我现在在 Stan 中学习建模的绳索很有趣。现在我正在努力研究我的受试者间和受试者内混合析因实验设计模型。有不同的受试者组,每个受试者都表示他们对三种不同饮料(水、无咖啡因和咖啡)中的每一种饮料减少咖啡因戒断的期望程度。结果变量——减少戒断的预期——通过视觉模拟量表从 0 到 10 进行测量,其中 0 表示没有减少戒断的预期,10 表示非常高的戒断减少预期。我想测试三种不同饮料的预期戒断减少潜力是否存在组间差异。
这是数据
df <- data.frame(id = rep(1:46, each = 3),
group = c(3,3,3,1,1,1,3,3,3,1,1,1,3,3,3,1,1,1,3,3,3,2,2,2,1,1,1,3,3,3,3,3,3,2,2,2,3,3,3,1,1,1,2,2,2,3,3,3,2,2,2,2,2,2,3,3,3,1,1,1,2,2,2,3,3,3,2,2,2,3,3,3,3,3,3,2,2,2,3,3,3,3,3,3,1,1,1,3,3,3,3,3,3,1,1,1,2,2,2,2,2,2,1,1,1,2,2,2,2,2,2,1,1,1,1,1,1,2,2,2,2,2,2,1,1,1,1,1,1,3,3,3,1,1,1,3,3,3),
bevType = rep(c(3,2,1), times = 46),
score = c(2.9,1.0,0.0,9.5,5.0,4.5,9.0,3.0,5.0,5.0,0.0,3.0,9.5,2.0,3.0,8.5,0.0,6.0,5.2,3.0,4.0,8.4,7.0,2.0,10.0,0.0,3.0,7.3,1.0,1.8,8.5,2.0,9.0,10.0,5.0,10.0,8.3,2.0,5.0,6.0,0.0,5.0,6.0,0.0,5.0,10.0,0.0,5.0,6.8,1.0,4.8,8.0,1.0,4.0,7.0,4.0,6.0,6.5,1.0,3.1,9.0,1.0,0.0,6.0,0.0,2.0,9.5,4.0,6.0,8.0,1.0,3.8,0.4,0.0,7.0,7.0,0.0,3.0,9.0,2.0,5.0,9.5,2.0,7.0,7.9,5.0,4.9,8.0,1.0,1.0,9.3,5.0,7.9,6.5,2.0,3.0,8.0,2.0,6.0,10.0,0.0,5.0,6.0,0.0,5.0,6.8,0.1,7.0,8.0,3.0,9.1,8.2,0.0,7.9,8.2,5.0,0.0,9.2,1.0,3.1,9.1,3.0,0.6,5.7,2.0,5.1,7.0,0.0,7.4,8.0,1.0,1.5,9.1,4.0,4.3,8.5,8.0,5.0))
现在是模型。
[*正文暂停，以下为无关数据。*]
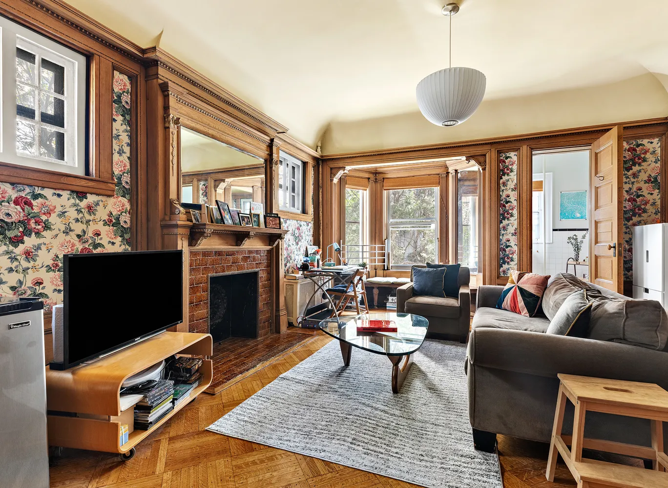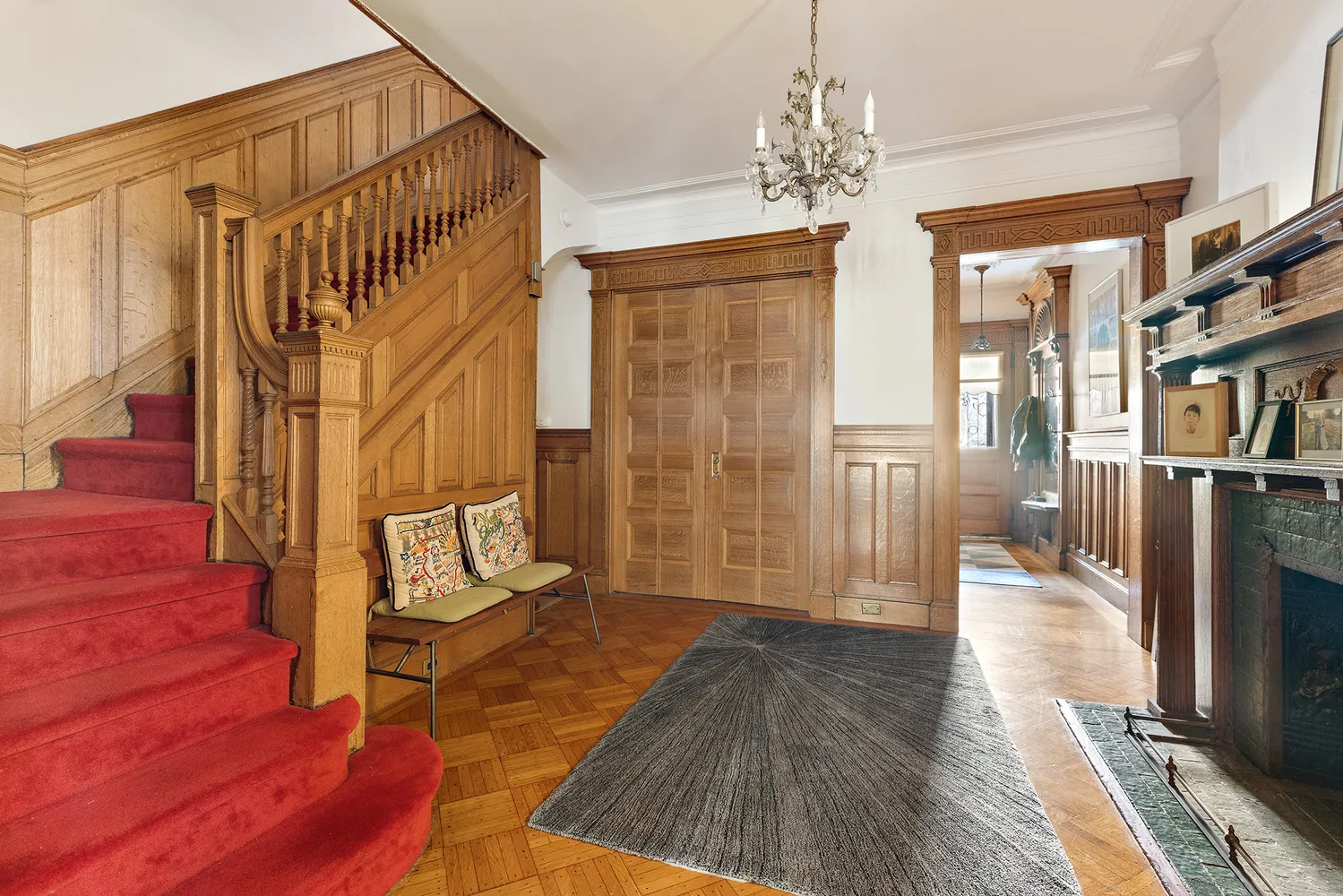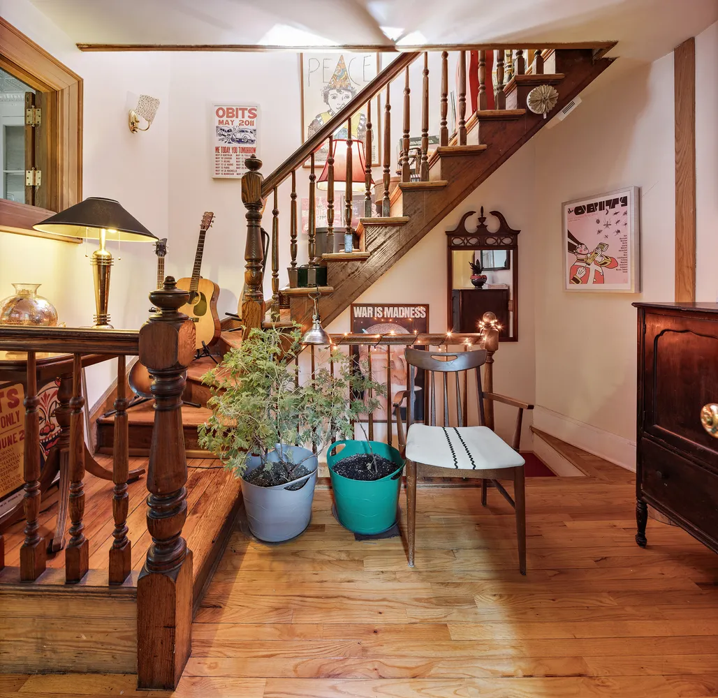 From the stoop, enter the triplex through a foyer and into the receiving gallery with its grand decorative fireplace, one of 6 in the house. This floor delights with a cheerful south facing parlor, and a spacious garden facing living area with pocket doors and half bathroom.

该模型有一个总均值参数 a,一个分类预测变量,表示组与总均值的偏差 bGroup,一个表示不同饮料类型与总均值的偏差的术语 bBev,每个受试者的截距 bSubj 的术语,以及饮料交互组的术语 bGxB。我还估计了每种饮料类型的单独噪声参数。
为了允许后验预测检查,我使用 generated quantities block 和 normal_rng 函数从联合后验中提取。
### Step 1: Put data into list
dList <- list(N = 138,
nSubj = 46,
nGroup = 3,
nBev = 3,
sIndex = df$id,
gIndex = df$group,
bIndex = df$bevType,
score = df$score,
gMean = 4.718841,
gSD = 3.17)
#### Step 1 model
write("
data{
int<lower=1> N;
int<lower=1> nSubj;
int<lower=1> nGroup;
int<lower=1> nBev;
int<lower=1,upper=nSubj> sIndex[N];
int<lower=1,upper=nGroup> gIndex[N];
int<lower=1,upper=nBev> bIndex[N];
real score[N];
real gMean;
real gSD;
}
parameters{
real a;
vector[nSubj] bSubj;
vector[nGroup] bGroup;
vector[nBev] bBev;
vector[nBev] bGxB[nGroup]; // vector of vectors, stan no good with matrix
vector[nBev] sigma;
real<lower=0> sigma_a;
real<lower=0> sigma_s;
real<lower=0> sigma_g;
real<lower=0> sigma_b;
real<lower=0> sigma_gb;
}
model{
vector[N] mu;
//hyper-priors
sigma_s ~ normal(0,10);
sigma_g ~ normal(0,10);
sigma_b ~ normal(0,10);
sigma_gb ~ normal(0,10);
//priors
sigma ~ cauchy(0,1);
a ~ normal(gMean, gSD);
bSubj ~ normal(0, sigma_s);
bGroup ~ normal(0,sigma_g);
bBev ~ normal(0,sigma_b);
for (i in 1:nGroup) { //hierarchical prior on interaction
bGxB[i] ~ normal(0, sigma_gb);
}
// likelihood
for (i in 1:N){
score[i] ~ normal(a + bGroup[gIndex[i]] + bBev[bIndex[i]] + bSubj[sIndex[i]] + bGxB[gIndex[i]][bIndex[i]], sigma[bIndex[i]]);
}
}
generated quantities{
real y_draw[N];
for (i in 1:N) {
y_draw[i] = normal_rng(a + bGroup[gIndex[i]] + bBev[bIndex[i]] + bSubj[sIndex[i]] + bGxB[gIndex[i]][bIndex[i]], sigma[bIndex[i]]);
}
}
", file = "temp.stan")
##### Step 3: generate the chains
mod <- stan(file = "temp.stan",
data = dList,
iter = 5000,
warmup = 3000,
cores = 1,
chains = 1)
接下来,我们从联合后验中提取绘图,并生成组平均值、95% HPDI 上限和下限的估计值。首先我们需要一个函数来计算 HPDI
HPDIFunct <- function (vector) {
sortVec <- sort(vector)
ninetyFiveVec <- ceiling(.95*length(sortVec))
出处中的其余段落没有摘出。